Basic concepts of radix counting

  • Cardinality counting is used to count the number of unique elements ina set, such as the NUMBER of UVs of a website or the number of keywords a user searches for a website.
  • The simplest way to implement cardinality counting is to record all the non-repeating sets of elements in a collection
    • As the amount of statistical data increases, the corresponding storage memory increases linearly
    • As the set gets larger, the cost of determining whether it contains the newly added element becomes larger
  • In fact, I haven’t found a better one yetBig dataEfficient algorithms for calculating cardinality accurately in scenarios, so use without seeking absolute accuracyProbability algorithmIs a good solution.
  • Probability algorithmInstead of storing the data set itself directly, the cardinality value can be estimated by a certain probability and statistics method, which can greatly save memory and ensure the error control within a certain range
  • Note:HyperLogLog uses a probabilistic algorithmic statistical model, which allows some error.

Why is the size of a Hyperloglog key fixed at 12KB?

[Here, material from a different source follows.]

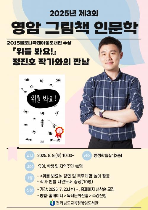 [½Åµ¿¾Æ¹æ¼Û Àü³²¿µ¾Ï=À̽ŵ¿±âÀÚ] Àü¶ó³²µµ±³À°Ã»¿µ¾Ïµµ¼­°ü(±¸. ¿µ¾Ï°ø°øµµ¼­°ü)Àº ¿À´Â 8¿ù 9ÀÏ(Åä) ¿ÀÀü 10½Ã, 2025³â Á¦3ȸ ¿µ¾Ï ±×¸²Ã¥ Àι®ÇÐ Á¤ÁøÈ£ ÀÛ°¡¿ÍÀÇ ¸¸³²À» ¿î¿µÇÑ´Ù. À̹ø °­¿¬Àº ¼¼°è 3´ë ¾Æµ¿µµ¼­»ó Áß ÇϳªÀÎ º¼·Î³Ä ±¹Á¦¾Æµ¿µµ¼­Àü ¶ó°¡Ä¡»ó ¡¦

  • Hyperloglog key structure composition:
struct hllhdr {
    char magic[4];      // Fix 'HYLL' to identify the Hyperloglog key
    uint8_t encoding;   // Coding mode, which is concise and sparse
    uint8_t notused[3]; // Unused field, save for later use
    uint8_t card[8];    // Cardinality cache, which stores the cardinality of the last calculation
    uint8_t registers[]; // Number of buckets, used to store data, Redis size is 16384
};
Copy the code
  • In the Hyperloglog structure of Redis, the card array is 64 bits, which can theoretically store nearly 2^64 values.
  • Redis specifies that there are 2^14 buckets, that is, 16,384 buckets. The data in each bucket is stored in 6 bits. Redis stores the value of the position where 1 appears for the first time.
  • Registers (16384*6+7) /8 = 12288 bytes, plus the HLL header (16 bytes), the total size is 12304 bytes, i.e., a hyperloglog key occupies 12KB. You can calculate the cardinality of up to 2^64 different elements.

HyperLogLog command

  • HyperLogLog supports only three commands: PFADD, PFCOUNT, and PFMERGE

PFADD – add

  • Add the element to the HyperLogLog data structure, and the command returns 1 if the cardinality estimate for the HyperLogLog has changed since the command was executed, or 0 otherwise.

PFCOUNT- Statistical base

  • Returns the cardinality of the given HyperLogLogestimates.
127.0.0.1:6379> pfadd uv 127.0.0.1 127.0.0.2 127.0.0.3 127.0.0.4
(integer) 1
127.0.0.1:6379> pfadd uv 127.0.0.1
(integer) 0
127.0.0.1:6379> pfcount uv
(integer) 4
Copy the code

HLL PFMERGE – merger

  • Combining multiple HyperLogLog into one HyperLogLog, the cardinality of the merged HyperLogLog is obtained by combining all HyperLogLog.
127.0.0.1:6379> pfadd uv1 127.0.0.1 127.0.0.2 127.0.0.3 127.0.0.4
(integer) 1
127.0.0.1:6379> pfcount uv1
(integer) 4
127.0.0.1:6379> pfadd uv2 127.0.0.1 127.0.1.2  127.0.1.3 127.0.1.4
(integer) 1
127.0.0.1:6379> pfadd uv3 127.0.0.1  127.0.2.2 127.0.2.3 127.0.2.4
(integer) 1
127.0.0.1:6379> pfmerge newuv uv1 uv2 uv3
OK
127.0.0.1:6379> pfcount newuv
(integer) 10
Copy the code
  • This command is very important, for example you can countA weekA monthUv can be easily implemented using this command.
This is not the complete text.